▸ Task description
With the pictures left out, retype exactly the lines below starting at the line that contains "Luminar has a" and ending at the line that contains "Da kann ich".
##### Exercise material
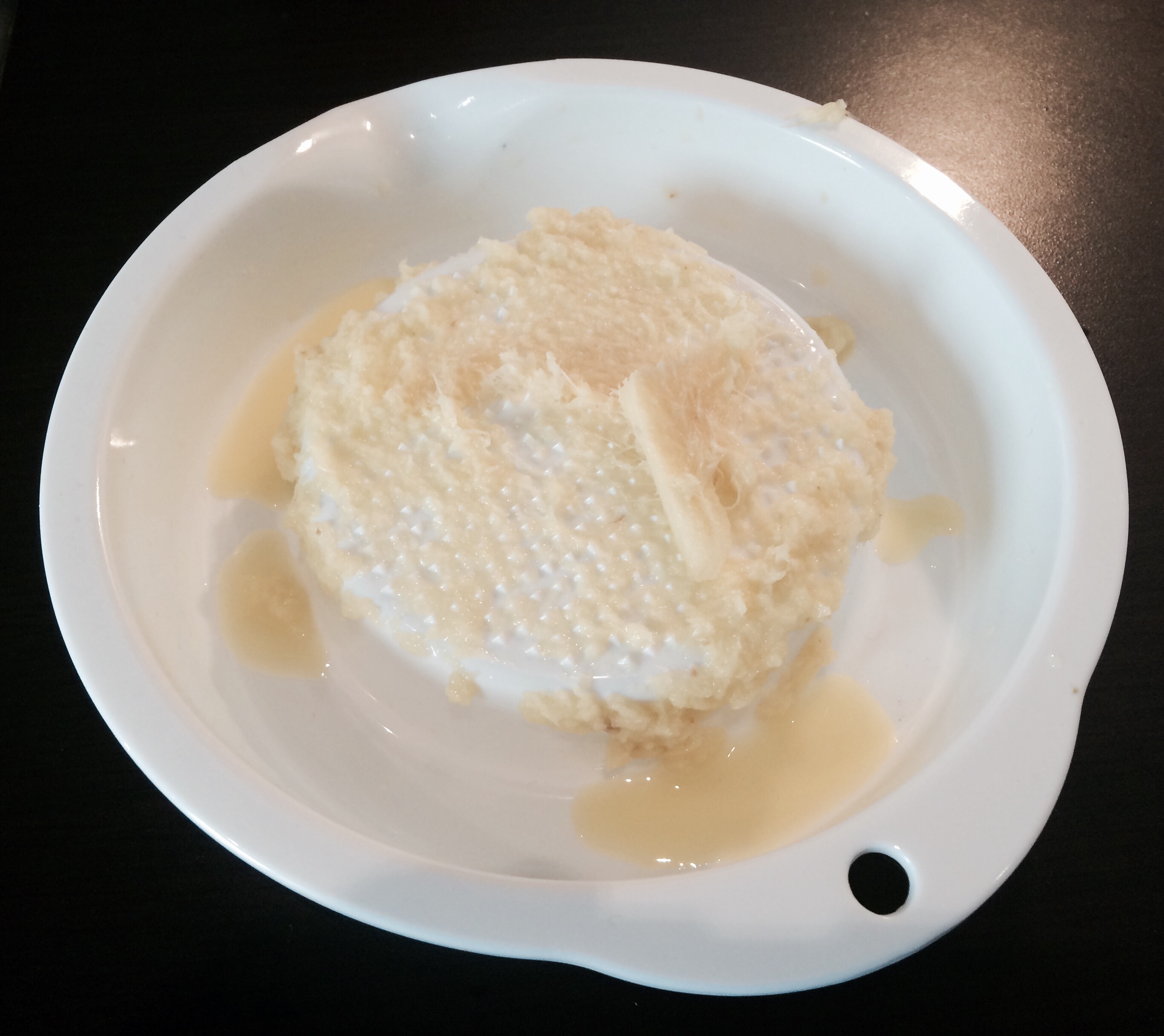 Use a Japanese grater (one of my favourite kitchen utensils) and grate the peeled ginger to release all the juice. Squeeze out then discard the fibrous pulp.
##########
##### Exercise material
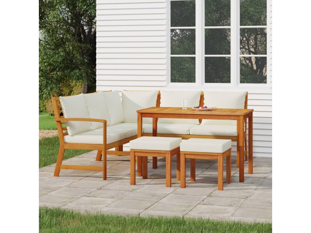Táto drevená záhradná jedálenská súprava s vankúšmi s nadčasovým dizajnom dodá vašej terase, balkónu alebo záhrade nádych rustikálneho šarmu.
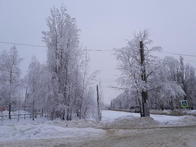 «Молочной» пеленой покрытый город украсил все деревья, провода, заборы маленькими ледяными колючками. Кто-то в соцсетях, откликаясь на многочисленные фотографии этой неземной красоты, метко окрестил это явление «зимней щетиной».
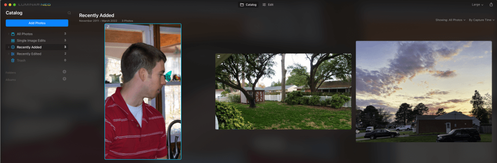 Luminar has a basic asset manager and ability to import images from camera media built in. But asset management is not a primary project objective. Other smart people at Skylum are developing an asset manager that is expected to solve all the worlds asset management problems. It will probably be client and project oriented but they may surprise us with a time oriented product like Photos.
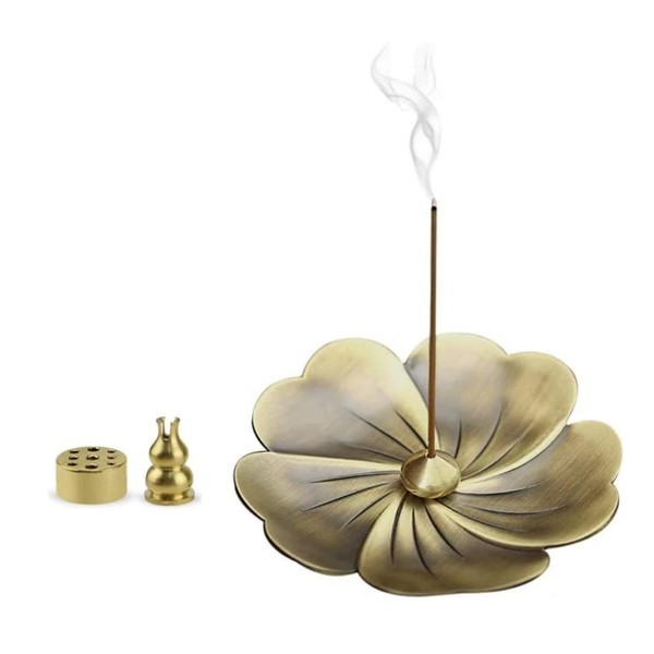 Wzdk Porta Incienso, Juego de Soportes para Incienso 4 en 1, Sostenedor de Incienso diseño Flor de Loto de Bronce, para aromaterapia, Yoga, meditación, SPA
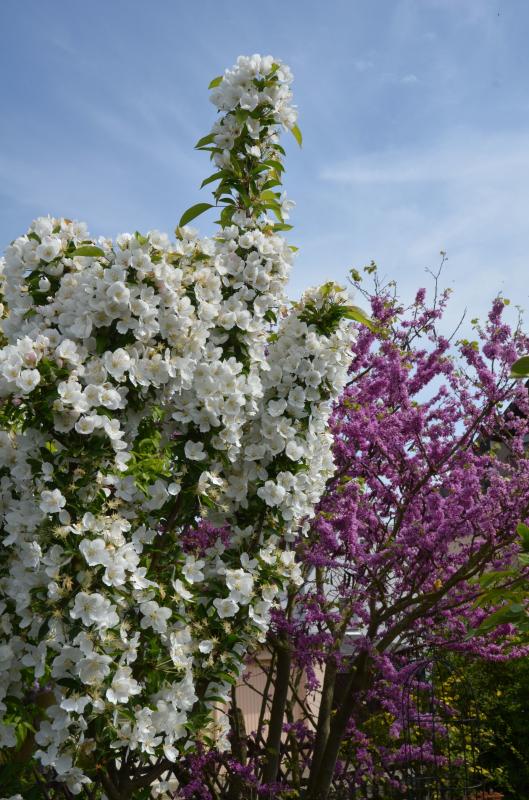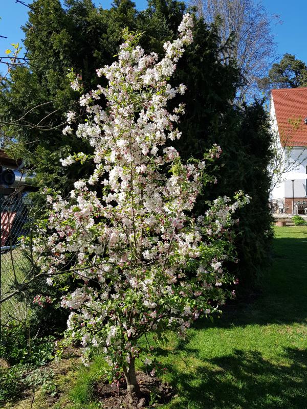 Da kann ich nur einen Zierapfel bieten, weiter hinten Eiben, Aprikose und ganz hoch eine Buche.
##########
##### Exercise material
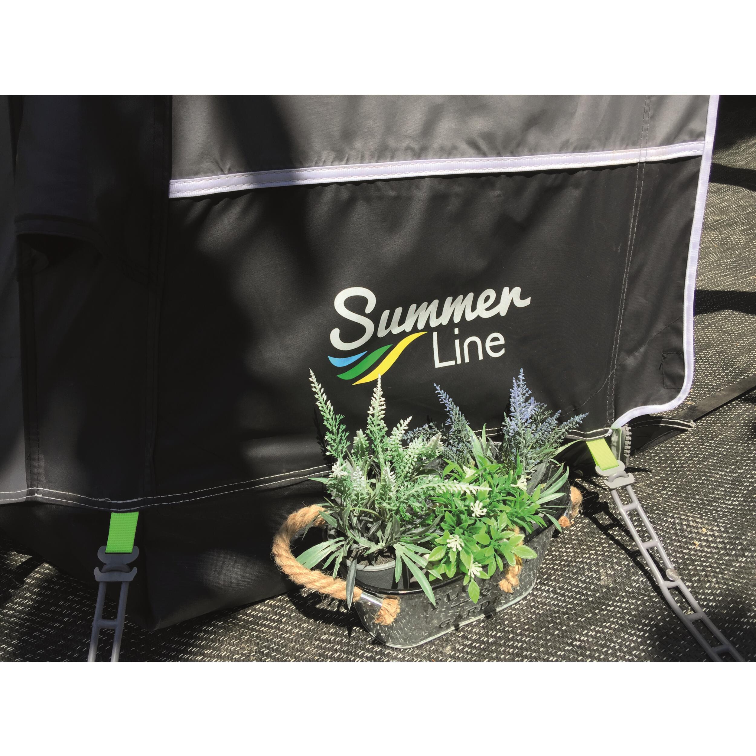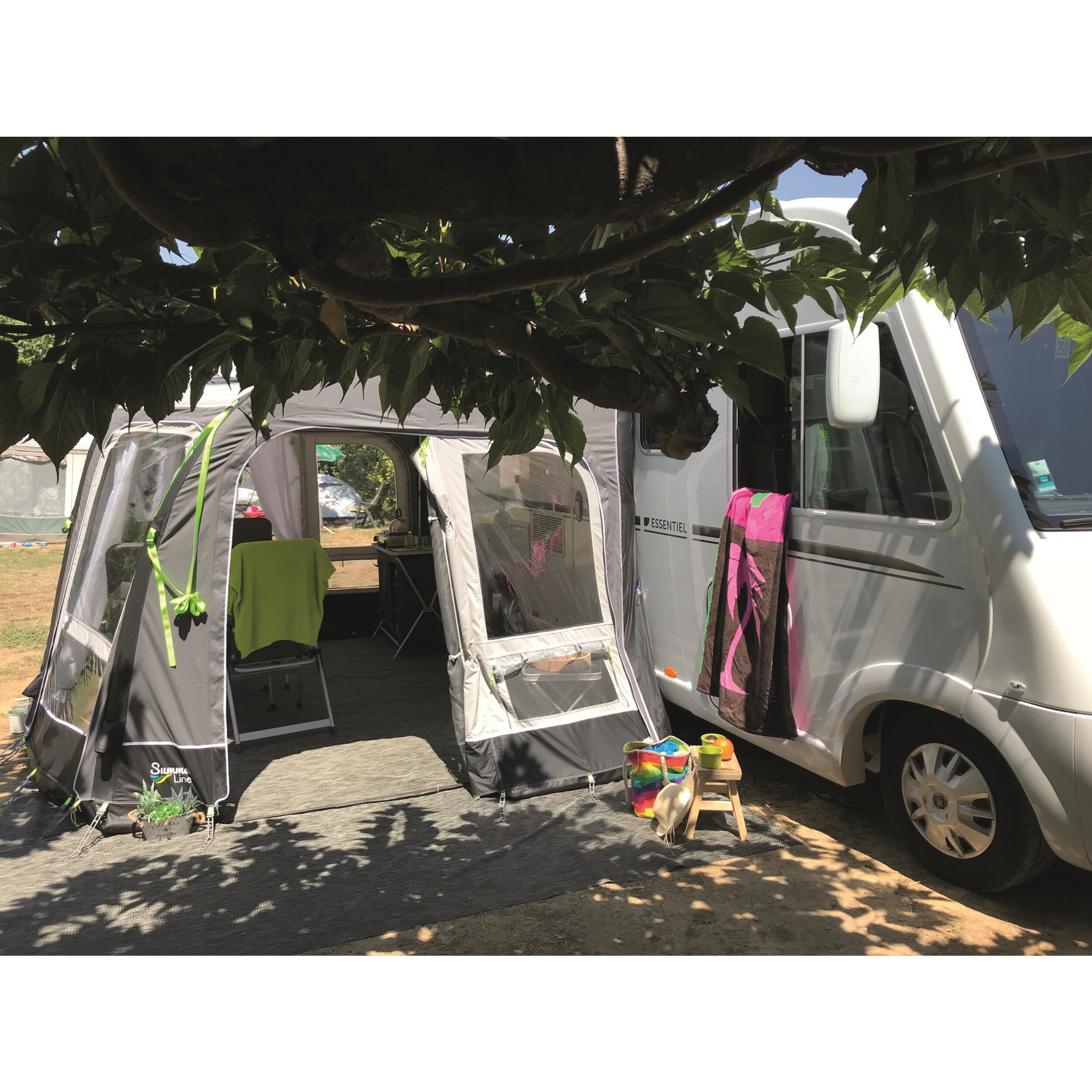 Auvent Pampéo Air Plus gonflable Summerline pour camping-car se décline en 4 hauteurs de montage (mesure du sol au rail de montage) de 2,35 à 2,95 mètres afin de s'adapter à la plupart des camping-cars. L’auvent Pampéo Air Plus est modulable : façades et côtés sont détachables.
##########
▸ Result for this task
 Luminar has a basic asset manager and ability to import images from camera media built in. But asset management is not a primary project objective. Other smart people at Skylum are developing an asset manager that is expected to solve all the worlds asset management problems. It will probably be client and project oriented but they may surprise us with a time oriented product like Photos.
 Wzdk Porta Incienso, Juego de Soportes para Incienso 4 en 1, Sostenedor de Incienso diseño Flor de Loto de Bronce, para aromaterapia, Yoga, meditación, SPA
 Da kann ich nur einen Zierapfel bieten, weiter hinten Eiben, Aprikose und ganz hoch eine Buche.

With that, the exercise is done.